:: Stored items from a collection ::
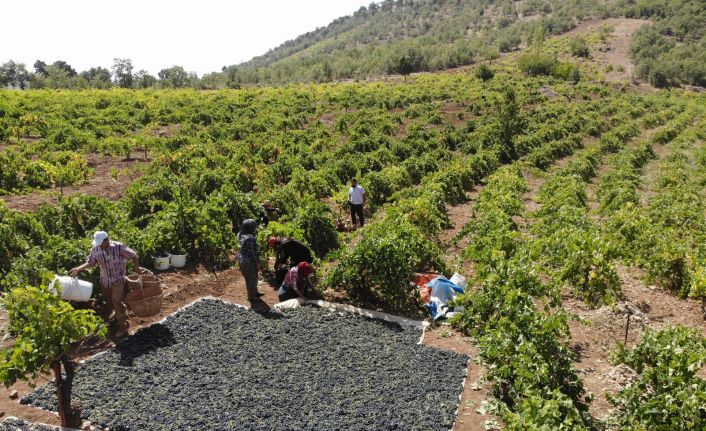 Konya’nın Bozkır ilçesinde bahar aylarında budanan ve 9 ay boyunca bakımı yapılan üzüm bağlarında hasat başladı. Bağından tek tek toplanan üzümler, hem kurutularak hem de pekmez olarak pazara sunuluyor.
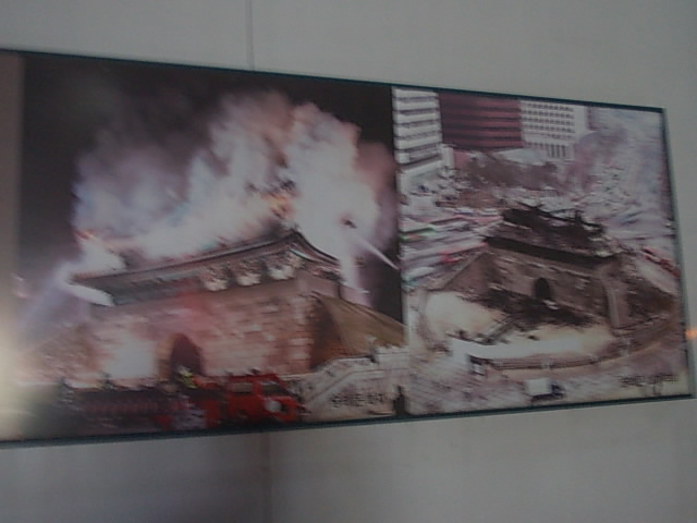 ここは、数年前の焼失によりすっかりと有名になってしまいましたが、2012年3月現在は、まだ工事中の様相で、外壁を工事資材で囲まれた状態ですので、新しくなる南大門を見るには、もう少し時間的猶予が必要だと思います。ただ、この工事中の外壁を利用して、その手前のエリアにて、南大門の歴史をパネルで紹介したりしていますので、これを見て回るのもお勧めです。中でも南大門が燃え盛る生々しい写真に衝撃を受けました。
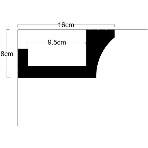 Профилът за корниз модел LD-16, създава изключителен и иновативен ефект в интериора, светещ с монтажни отвори за луни. Произведен по собствената технология SolidXPS™, профилът позволява реализирането на по-големи и по-дълбоки декоративни форми, които са трудни и трудоемки за изпълнение с гипсокартон. Това го прави ефективна и естетична алтернатива за проекти, при които се търси внушителен резултат без сложни конструкции.Произведен е от XPS ( фибран) или така наречения екструдиран пенополистирол. При втвърдяването на XPS се получава хомогенна пяна с микроскопични затворени въздушни джобчета, което го прави много лек, здрав и същевременно водоустойчив и много удобен за монтаж. За монтажа има няколко изисквания: залепянето за стената да се прави с монтажно лепило( без разтворител); шпаклова се с гипсово лепило на фугата между два профила( около 5 см.); боядисването е задължително - като се използва боя на водна основа или латекс. Профилът за скрито осветление се предлага на парче от 2м. , цената в сайта е за 2м. Профилът е подходящ за осветление във вашия хол, трапезария, спалня, хотел и ресторант.
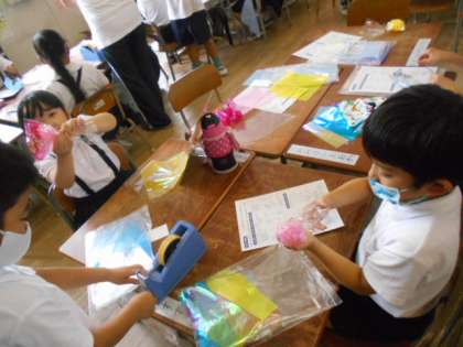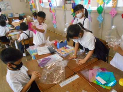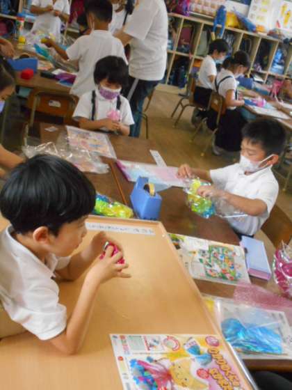 名前を書いたあと、それぞれがふくろにカラーセロハンやエアクッションを入れたり、モールを使ったりして、動物やさかないろいろなものに見たてて、作るイメージを広げていました。
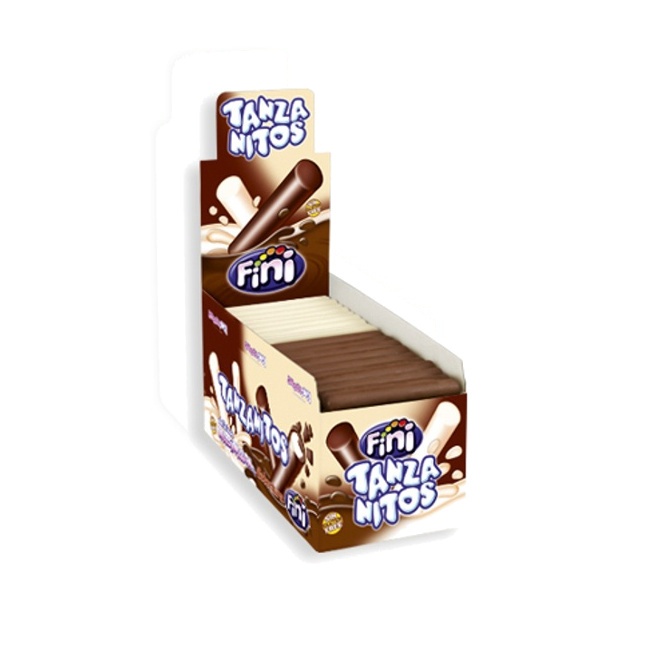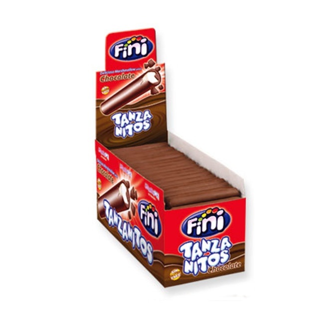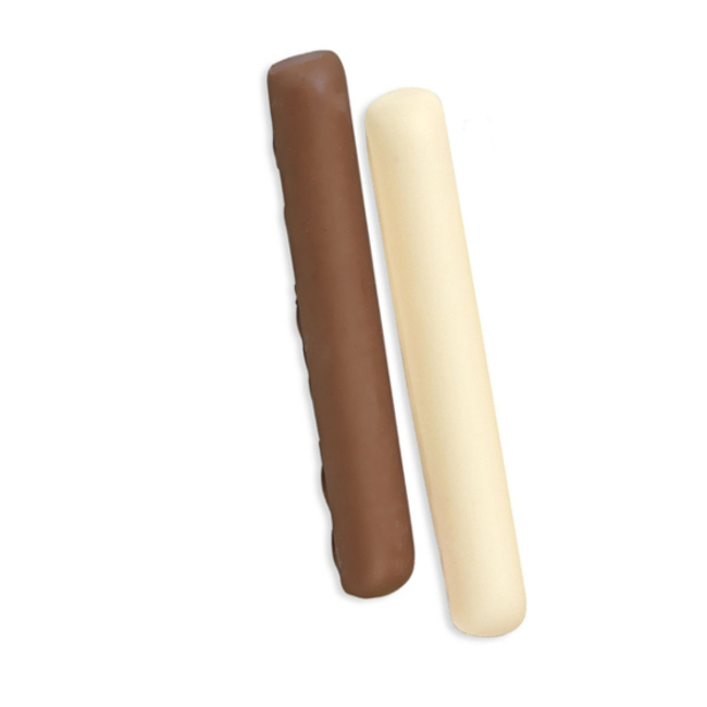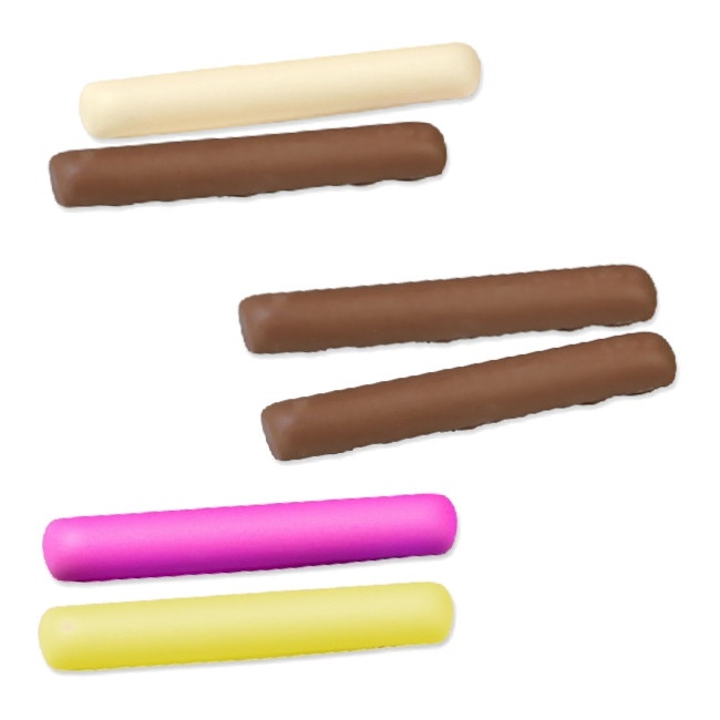 Bastoncini di marshmallow ricoperti da uno strato di cioccolato.

:: REQUIREMENT ::
With the pictures left out, output all the entries exactly.

:: REPLY TO THE TASK ::
 Konya’nın Bozkır ilçesinde bahar aylarında budanan ve 9 ay boyunca bakımı yapılan üzüm bağlarında hasat başladı. Bağından tek tek toplanan üzümler, hem kurutularak hem de pekmez olarak pazara sunuluyor.
 ここは、数年前の焼失によりすっかりと有名になってしまいましたが、2012年3月現在は、まだ工事中の様相で、外壁を工事資材で囲まれた状態ですので、新しくなる南大門を見るには、もう少し時間的猶予が必要だと思います。ただ、この工事中の外壁を利用して、その手前のエリアにて、南大門の歴史をパネルで紹介したりしていますので、これを見て回るのもお勧めです。中でも南大門が燃え盛る生々しい写真に衝撃を受けました。
 Профилът за корниз модел LD-16, създава изключителен и иновативен ефект в интериора, светещ с монтажни отвори за луни. Произведен по собствената технология SolidXPS™, профилът позволява реализирането на по-големи и по-дълбоки декоративни форми, които са трудни и трудоемки за изпълнение с гипсокартон. Това го прави ефективна и естетична алтернатива за проекти, при които се търси внушителен резултат без сложни конструкции.Произведен е от XPS ( фибран) или така наречения екструдиран пенополистирол. При втвърдяването на XPS се получава хомогенна пяна с микроскопични затворени въздушни джобчета, което го прави много лек, здрав и същевременно водоустойчив и много удобен за монтаж. За монтажа има няколко изисквания: залепянето за стената да се прави с монтажно лепило( без разтворител); шпаклова се с гипсово лепило на фугата между два профила( около 5 см.); боядисването е задължително - като се използва боя на водна основа или латекс. Профилът за скрито осветление се предлага на парче от 2м. , цената в сайта е за 2м. Профилът е подходящ за осветление във вашия хол, трапезария, спалня, хотел и ресторант.
 名前を書いたあと、それぞれがふくろにカラーセロハンやエアクッションを入れたり、モールを使ったりして、動物やさかないろいろなものに見たてて、作るイメージを広げていました。
 Bastoncini di marshmallow ricoperti da uno strato di cioccolato.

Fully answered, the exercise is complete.